Immer wieder versucht Maischberger dem Altkanzler Bewertungen der aktuellen Politiker zu entlocken – doch Schmidt sträubt sich. Da bleibt er meist diplomatisch. Immerhin hört man heraus, dass er von der europäischen Kompetenz der Kanzlerin wenig hält, Finanzminister Wolfgang Schäuble „respektiert“ er immerhin. Während er Peer Steinbrück über den grünen Klee lobt, lässt er sich zu SPD-Chef Sigmar Gabriel nur ein „kein Kommentar“ entlocken. Einmal wird er sogar sehr ehrlich: Mit US-Präsident Jimmy Carter verband ihn eine offene gegenseitige Antipathie.

Und wenn es um seine eigenen Entscheidungen geht, bleibt er felsenfest. Maischberger versucht etwa eine Analogie herzustellen zwischen den Demos in Stuttgart gegen den neuen Hauptbahnhof und jene Proteste gegen den von Schmidt befürworteten Nato-Doppelbeschluss – aber der Altkanzler will keine Parallelen erkennen. Dort gehe es um einen Bahnhof, beim Doppelbeschluss um nukleare Bedrohung. In Stuttgart hätten Politik und Medien dabei versagt, das Bauvorhaben in einer frühen Phase zu kommunizieren und transparent zu machen. Bei der Debatte um die Stationierung der Pershing-Raketen in der Bundesrepublik hätten die Gegner sich vornehmlich von Furcht treiben lassen und die politischen Spielräume übersehen. Die Geschichte ist bekannt. Der SPD-Kanzler will den Doppelbeschluss gegen seine Partei durchdrücken und verliert den Rückhalt. Es ist das Ende seiner Kanzlerschaft. Sein Nachfolger Helmut Kohl setzt den Doppelbeschluss um – ein paar Jahre später muss die Sowjetunion einsehen, dass sie das Rüstungswettrennen verloren hat. 1987 wird ein umfassender Abrüstungsvertrag unterzeichnet. Und Michael Gorbatschow leitet den Fall der Mauer ein. Helmut Schmidt hatte Recht, kommentiert aber nur nüchtern: „Ein Politiker muss manchmal riskieren, für seine Überzeugungen sein Amt zu riskieren.“.
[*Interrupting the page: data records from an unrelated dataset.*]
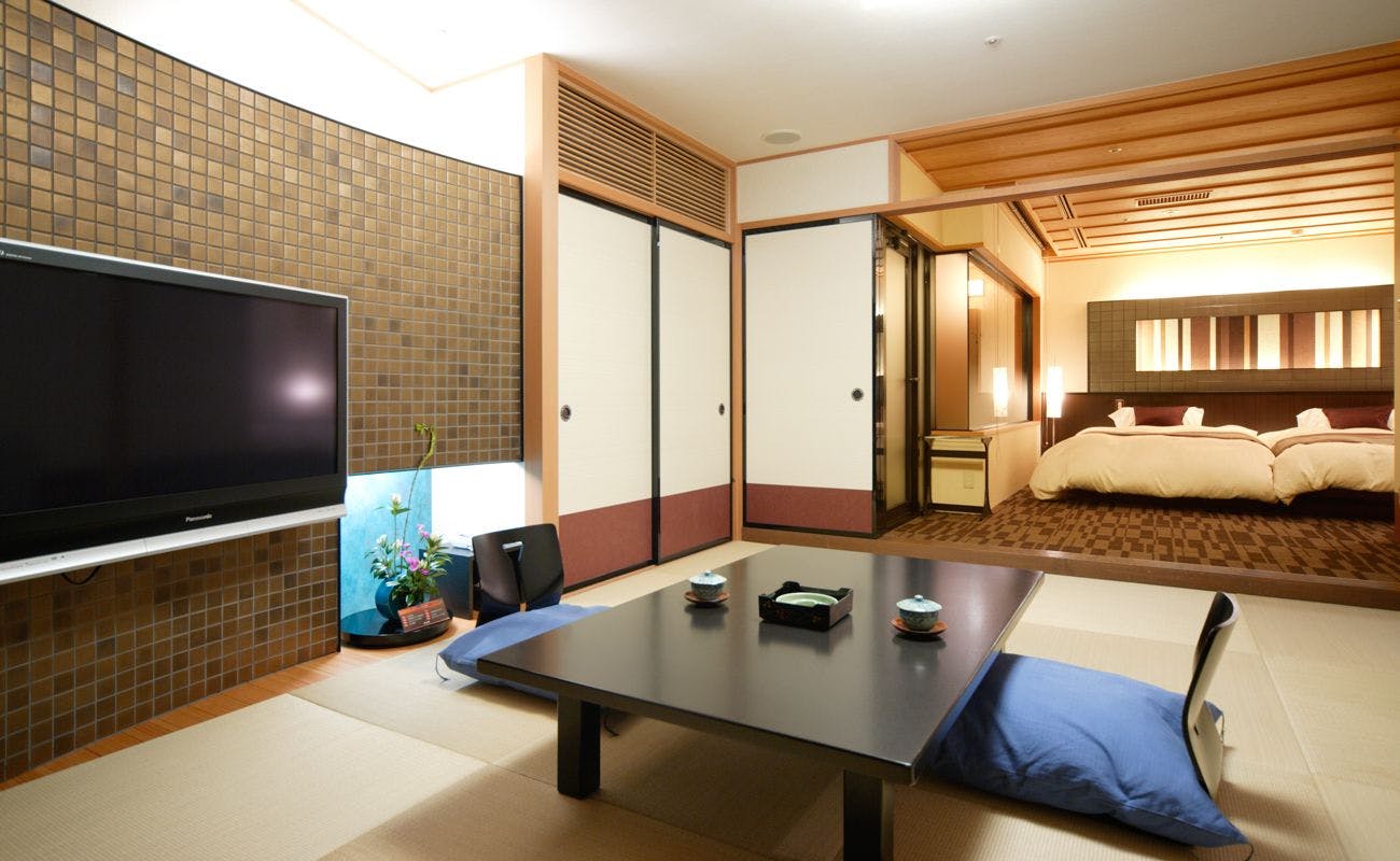 和室12.5畳+10畳+ツインベッド+サロン付。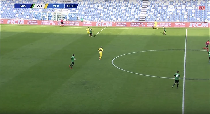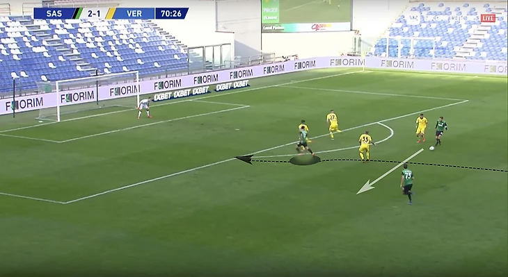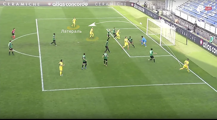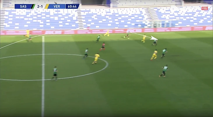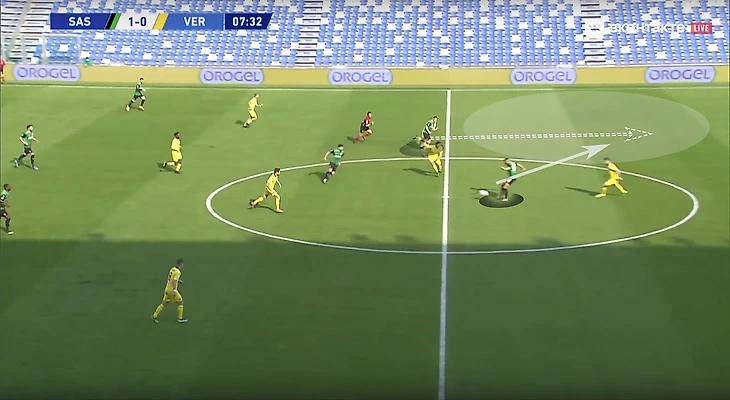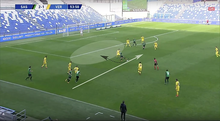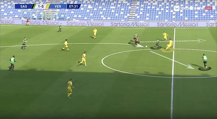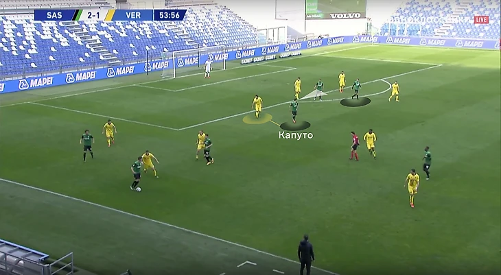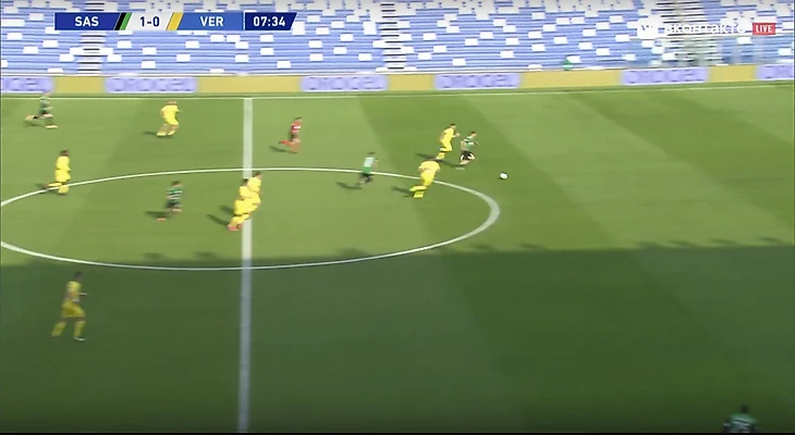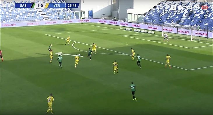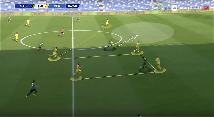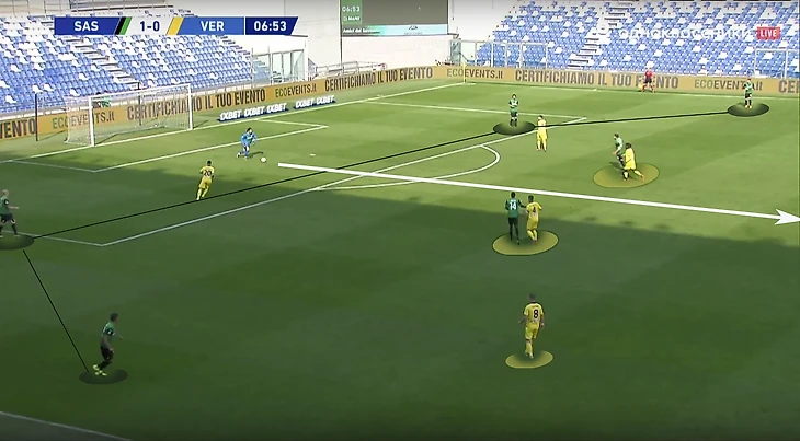 Ни для кого не секрет, что слабое место (как минимум одно из) черно-зеленых – это игра в обороне. Де Дзерби потихоньку улучшает игру в этом компоненте, но проблемы остаются. На примере этой игры: блок работал практически идеально 43 минуты первого тайма, но один провал сразу же оголил другой, и все посыпалось. Для описания плана главного тренера нероверди в среднем блоке стоит немного поговорить про атакующие идеи Юрича. «Верона» схожа с «Аталантой» не только своей игрой в обороне, но и некоторыми механизмами в атаке. Желто-синие также делают упор на фланговую игру. Правда, веронцы отличаются от бергамасков двумя существенными аспектами. Первый – их игра куда более вертикальная. И при создании ромба на фланге часто следует заброс верхом от одной вершины ромба к другой, от центрального защитника к атакующему полузащитнику, либо на форварда. Второй аспект – это зацикленность на одном из флангов. «Верона» редко разворачивает атаку на противоположную сторону по ходу атаки, так как делает упор на навесы, а не на прохождение в штрафную через короткий пас и растягивание оппонента по горизонтали, как «Аталанта», чью структуру мы подробно рассматривали в одном из последних материалов. Веронцы стараются организовать численное большинство на конкретном фланге, после чего идет подача в плотно заполненную штрафную, где латераль с другого фланга включается только в фазе завершения. Понимания эту слабость в циркуляции мяча, «Сасуоло» планировал запереть гостей на одном из флангов подальше от своих ворот – в средней трети поля.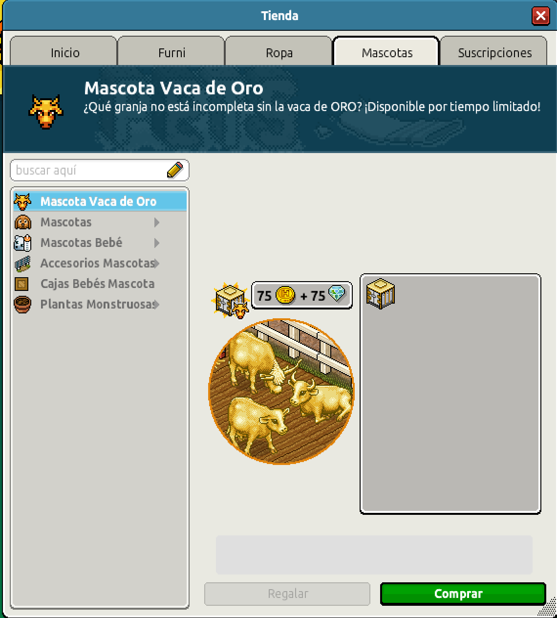 En esta ocasión podrás conseguir una Vaca de Oro, y durante estos días podrás conseguir siete mascotas exclusivas con especiales cruces, uno cada 24 horas. ¡No te las pierdas! Hoy podrás adquirir una única especie, al precio de 75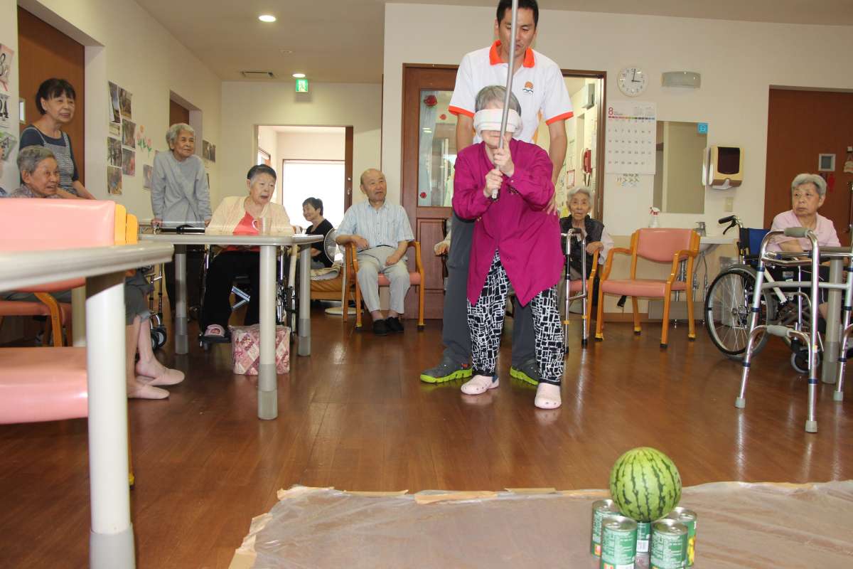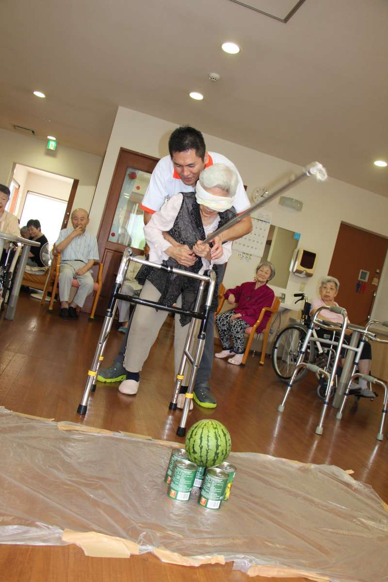 割ったスイカをおやつで出させてもらい、美味しく食べて頂きました(●^o^●)

Das ist das Schema Schmidt: Fakten prüfen, analysieren, entscheiden, erklären, nicht mehr abweichen. Das vermisst er in der „politischen Klasse“, in die er auch die Journalisten einschließt. Beispiel: der Fall Sarrazin. Schmidt meint, Sarrazin hatte Recht mit vielen seiner Thesen – außer der unseligen Vererbungsdebatte. Aber dass die Integration von Menschen mit völlig anderen zivilisatorischen Wurzeln an Grenzen stoße, sei nicht mehr zu leugnen . Das habe die politische Klasse bei der ersten Bewertung von Sarrazins Buch beiseite schieben wollen – und stand damit im Gegensatz zur Bevölkerung. Schmidt ist daher strikt gegen weitere Zuwanderung von Menschen mit zivilisatorischen Wurzeln, die weit von der unsrigen entfernt sind – speziell aus muslimischen Ländern. Er sehe dafür auch keinen Bedarf angesichts der erweiterten EU mit den östlichen Mitgliedern. Und natürlich würde er auch Sarrazin nicht aus der SPD werfen. Wie gesagt, zur Tagespolitik wolle er sich ja nicht äußern …. Sprachs und rauchte seine achte Menthol-Zigarette in 75 Minuten.